More or less, yes. I recommend distinguishing the $\phi$ in $\phi(\psi_1,\dots,\psi_n)$ and the $\phi$ in $\phi(\pi(\psi_1),\dots,\pi(\psi_n))$. One is a well-formed formula into which you are substituting several other formulas. The other is a Boolean function which you are applying to $n$ Boolean values. You could use a notation like $\phi_\pi(\pi(\psi_1),\dots,\pi(\psi_n))$, but I like using an outfix notation $[\![\phi]\!]$ for $\pi$, and I would write $[\![\phi(\psi_1,\dots,\psi_n)]\!]=[\![\phi]\!]([\![\psi_1]\!],\dots,[\![\psi_n]\!])$.
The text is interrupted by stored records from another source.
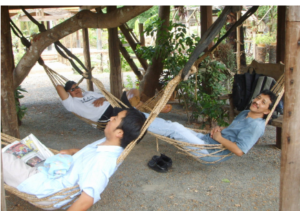
Hammock heaven in a Cambodia home- stay
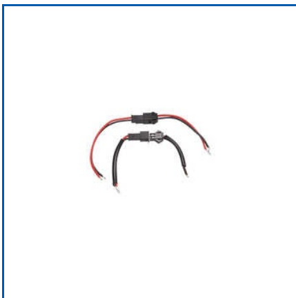
LED LIGHT CONNECTOR

10A Barrier Type Terminal Block, 12A Barrier Terminal Block, 12V Chee Siron, 14 Pin FRC Cable, 2 Pin Power Socket, 2 Pins Ceramic Varistor, 2 Pins Double Decker PCB Terminal Block, 2 Pins PCB Terminal Block, 2.5 MM Relimate Connector, 20A Miniature Toggle Switch, 220 V AC LED Indicator, 250V AC Elcom Emi Rfi Filter, 2510 Pin Connector, 2mm Banana Connector, 3 Core Flat Cable, etc.
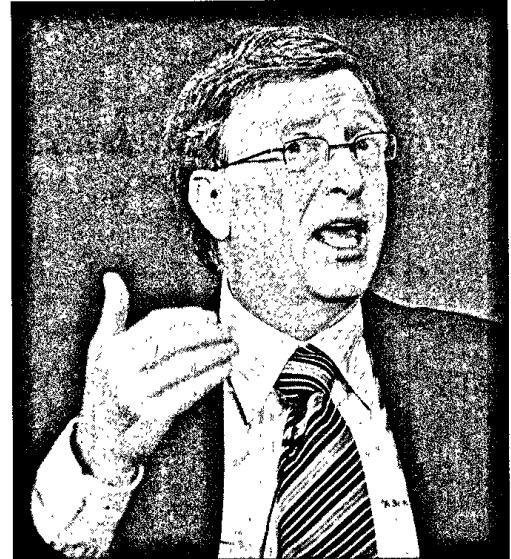
Bill Gates addresses a press conference in New Delhi on Thursday

Union science and technology minister Pawan Kumar Bansal, who was also present at the press conference, described the government's plan to foster partnerships that aim to improve public health. India has worked closely with the Gates Foundation on nutrition and vaccination programmes, Bansal said. The two will now expand their partnership to include agriculture and maternal and child health chal-
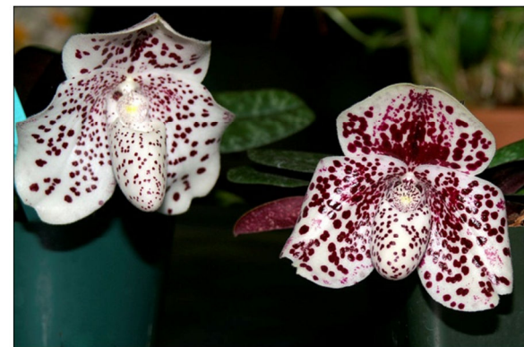
Paphiopedilum Conco-Bellatulum & Paphiopedilum bellatulum – Bret Winkler
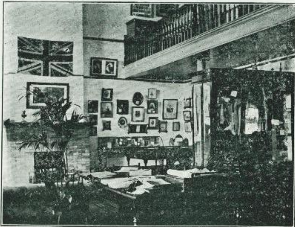
INTERIOR OF MEMORIAL HALL
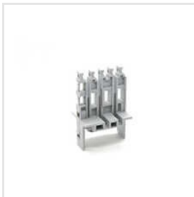
Electric Contact Carriers
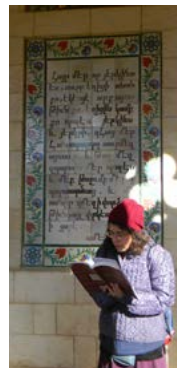
PARISH PILGRIMAGE TO JERUSALEM JANUARY 13-23 2014
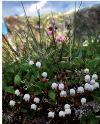
Marsh grass Parnassia palustris
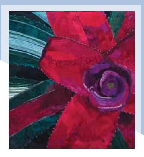
Bromeliad, by Joyce Ritter, from Resident Visual Artists Exhibit 2018

Gallery I: Resident Visual Artists Exhibit 2018
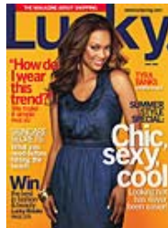
Lucky June 2006
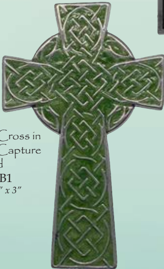
Celtic Wall Cross in Traditional Capture Bead CCTCB1 Measures 5" x 3"
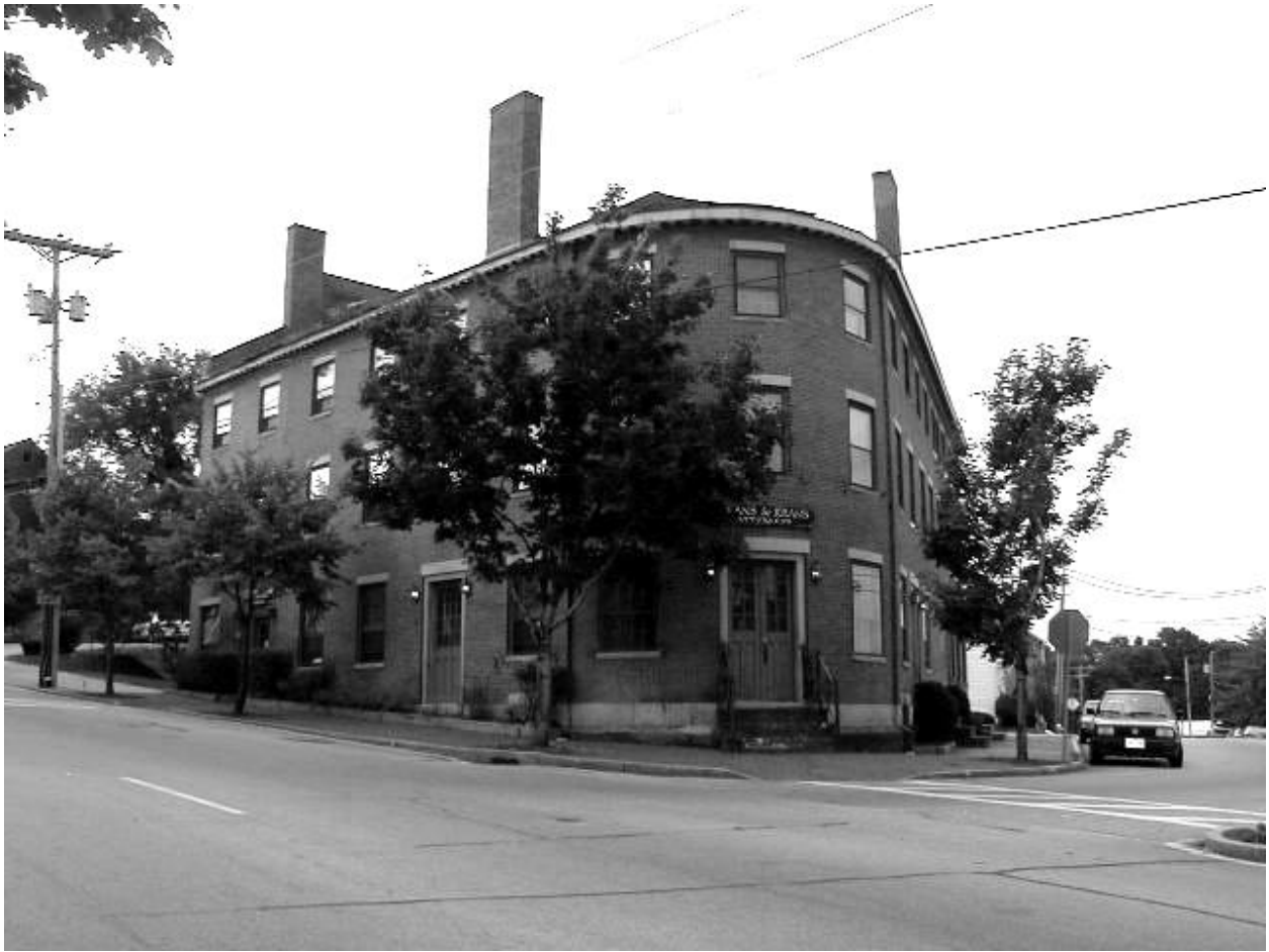
Hosea Sawyer Block, 1825

Next, this is minor, but you should say why the previous equation holds. In this case, it's by definition of interpretation. That is, not just any function $\pi$ is allowed as an appropriate notion of "logical value", to use your words, but only ones that satisfy the given equation.
Finally, if you wanted to be extra formal, you might do an induction on the number of free variables in $\phi$, i.e. on $n$.